▸ Dataset records

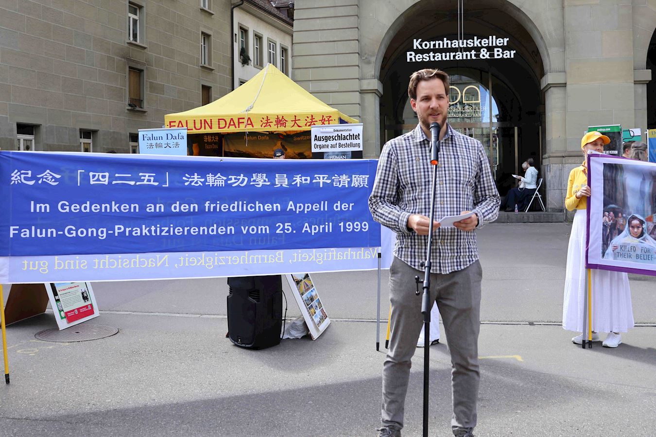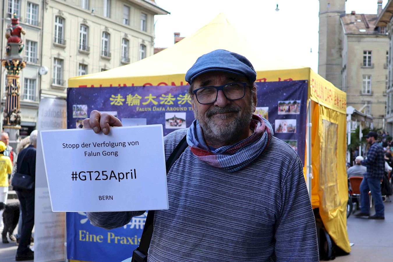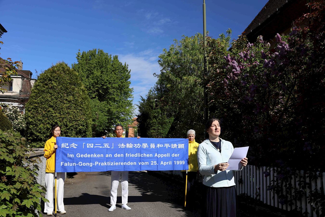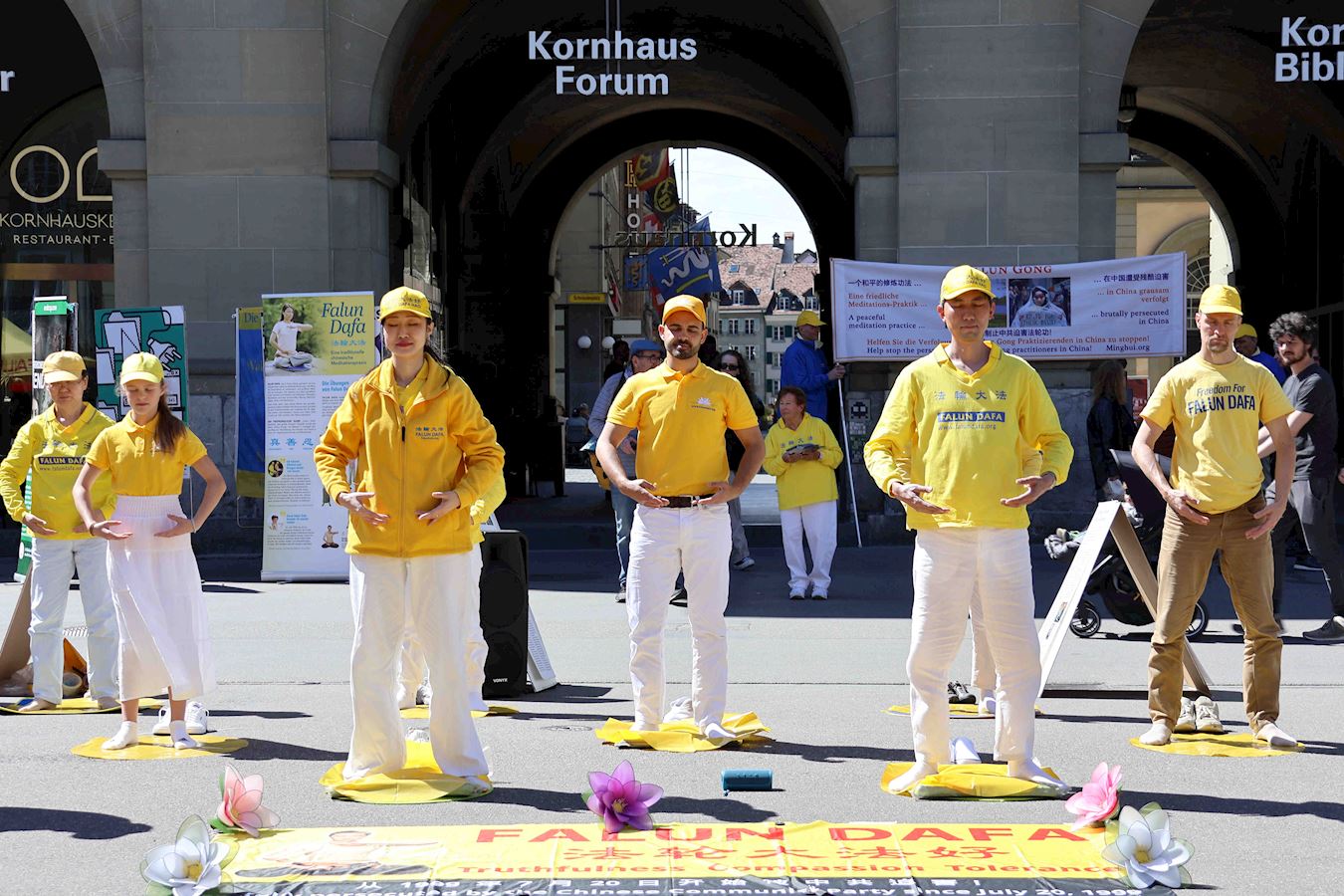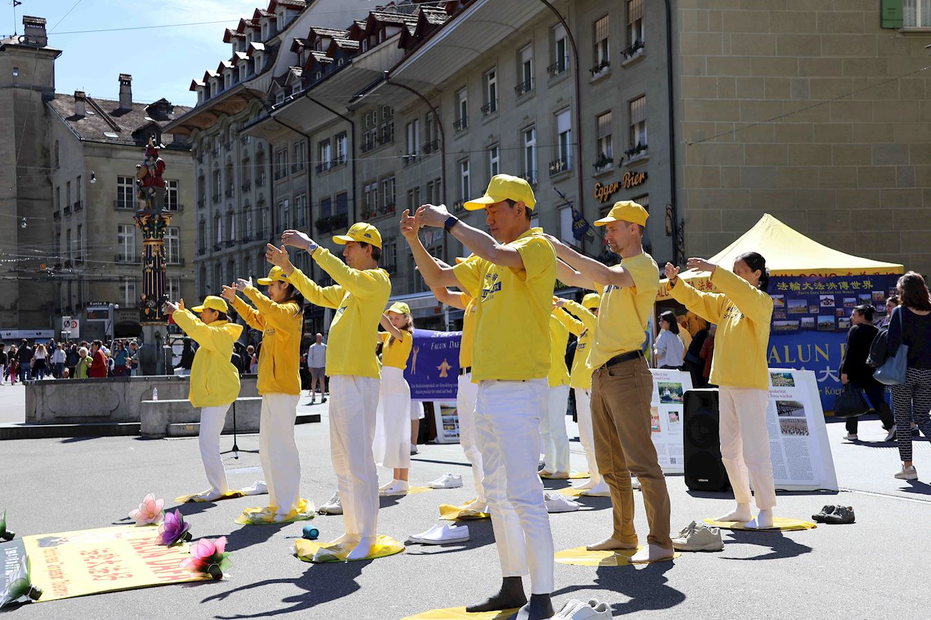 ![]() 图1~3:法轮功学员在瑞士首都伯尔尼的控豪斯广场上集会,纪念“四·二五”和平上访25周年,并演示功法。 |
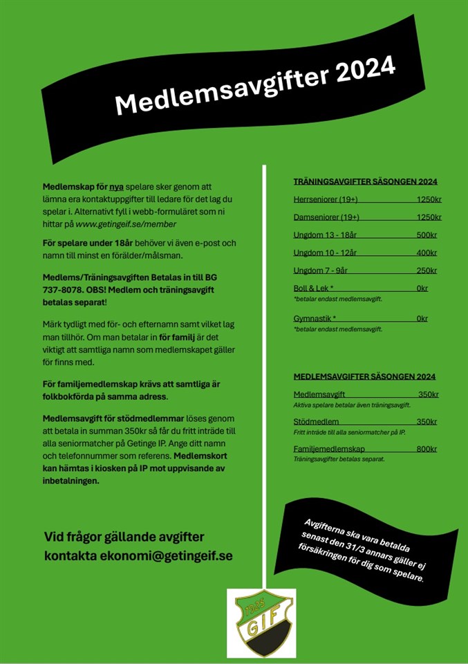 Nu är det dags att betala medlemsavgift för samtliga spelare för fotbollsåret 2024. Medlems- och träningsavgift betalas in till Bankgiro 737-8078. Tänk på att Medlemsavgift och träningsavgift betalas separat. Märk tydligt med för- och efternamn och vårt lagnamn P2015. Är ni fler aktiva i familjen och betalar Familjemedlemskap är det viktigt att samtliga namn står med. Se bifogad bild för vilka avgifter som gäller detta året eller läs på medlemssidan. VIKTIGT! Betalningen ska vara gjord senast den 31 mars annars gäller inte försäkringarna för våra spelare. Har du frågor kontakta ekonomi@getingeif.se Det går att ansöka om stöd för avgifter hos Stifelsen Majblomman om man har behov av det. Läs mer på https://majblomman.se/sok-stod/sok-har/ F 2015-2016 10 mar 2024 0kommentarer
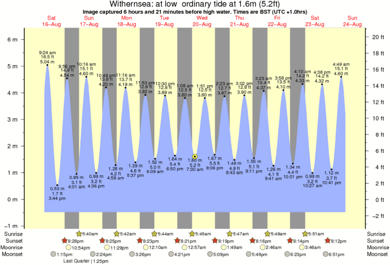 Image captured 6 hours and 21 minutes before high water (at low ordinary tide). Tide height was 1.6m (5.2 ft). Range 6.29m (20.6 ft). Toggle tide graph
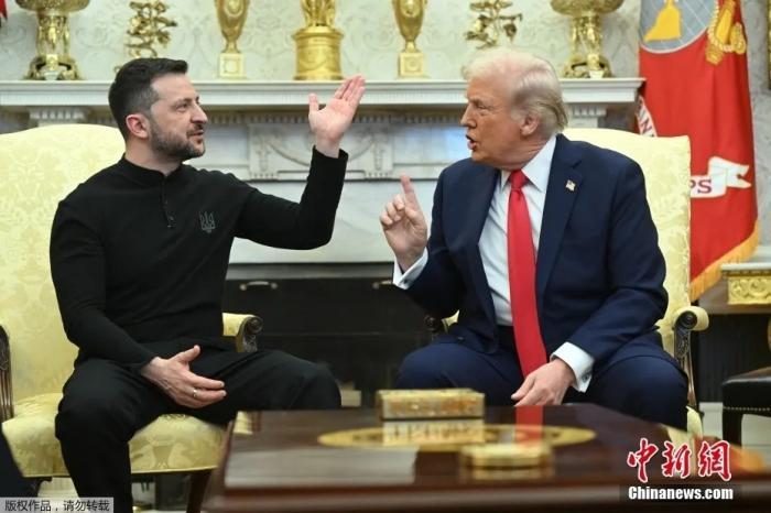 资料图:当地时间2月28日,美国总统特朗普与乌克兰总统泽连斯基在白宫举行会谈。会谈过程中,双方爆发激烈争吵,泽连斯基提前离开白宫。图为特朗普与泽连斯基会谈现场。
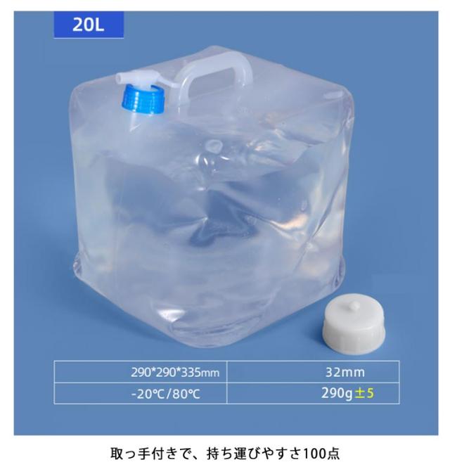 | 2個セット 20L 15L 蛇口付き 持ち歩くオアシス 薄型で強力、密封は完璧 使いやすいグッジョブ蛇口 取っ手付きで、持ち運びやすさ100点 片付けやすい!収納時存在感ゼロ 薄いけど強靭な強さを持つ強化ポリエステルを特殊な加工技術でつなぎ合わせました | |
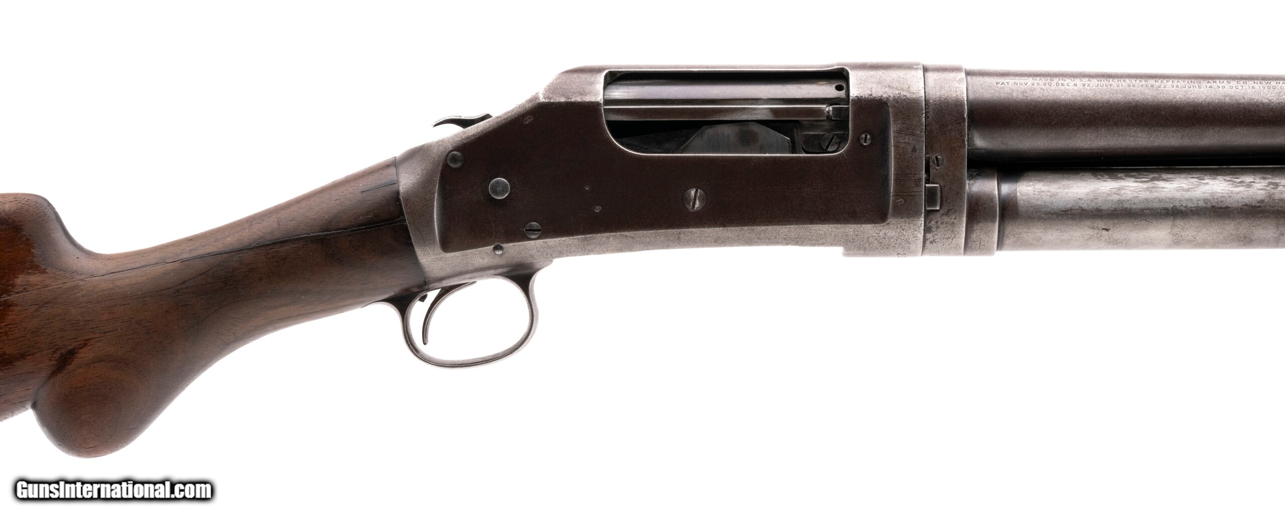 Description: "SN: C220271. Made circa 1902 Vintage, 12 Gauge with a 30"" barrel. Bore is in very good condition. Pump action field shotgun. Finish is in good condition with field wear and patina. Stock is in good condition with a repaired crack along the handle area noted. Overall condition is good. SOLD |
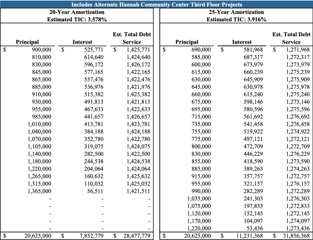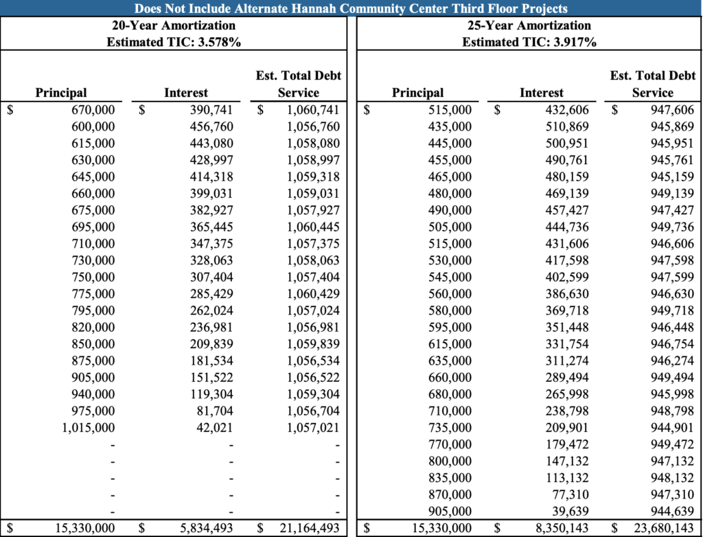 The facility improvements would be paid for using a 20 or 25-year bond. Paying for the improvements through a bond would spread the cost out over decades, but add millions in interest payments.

▸ Problem statement
When printing the entries, leave out the images and keep everything else exact.

▸ Response
 ![]() 图1~3:法轮功学员在瑞士首都伯尔尼的控豪斯广场上集会,纪念“四·二五”和平上访25周年,并演示功法。 |
 Nu är det dags att betala medlemsavgift för samtliga spelare för fotbollsåret 2024. Medlems- och träningsavgift betalas in till Bankgiro 737-8078. Tänk på att Medlemsavgift och träningsavgift betalas separat. Märk tydligt med för- och efternamn och vårt lagnamn P2015. Är ni fler aktiva i familjen och betalar Familjemedlemskap är det viktigt att samtliga namn står med. Se bifogad bild för vilka avgifter som gäller detta året eller läs på medlemssidan. VIKTIGT! Betalningen ska vara gjord senast den 31 mars annars gäller inte försäkringarna för våra spelare. Har du frågor kontakta ekonomi@getingeif.se Det går att ansöka om stöd för avgifter hos Stifelsen Majblomman om man har behov av det. Läs mer på https://majblomman.se/sok-stod/sok-har/ F 2015-2016 10 mar 2024 0kommentarer
 Image captured 6 hours and 21 minutes before high water (at low ordinary tide). Tide height was 1.6m (5.2 ft). Range 6.29m (20.6 ft). Toggle tide graph
 资料图:当地时间2月28日,美国总统特朗普与乌克兰总统泽连斯基在白宫举行会谈。会谈过程中,双方爆发激烈争吵,泽连斯基提前离开白宫。图为特朗普与泽连斯基会谈现场。
 | 2個セット 20L 15L 蛇口付き 持ち歩くオアシス 薄型で強力、密封は完璧 使いやすいグッジョブ蛇口 取っ手付きで、持ち運びやすさ100点 片付けやすい!収納時存在感ゼロ 薄いけど強靭な強さを持つ強化ポリエステルを特殊な加工技術でつなぎ合わせました | |
 Description: "SN: C220271. Made circa 1902 Vintage, 12 Gauge with a 30"" barrel. Bore is in very good condition. Pump action field shotgun. Finish is in good condition with field wear and patina. Stock is in good condition with a repaired crack along the handle area noted. Overall condition is good. SOLD |
 The facility improvements would be paid for using a 20 or 25-year bond. Paying for the improvements through a bond would spread the cost out over decades, but add millions in interest payments.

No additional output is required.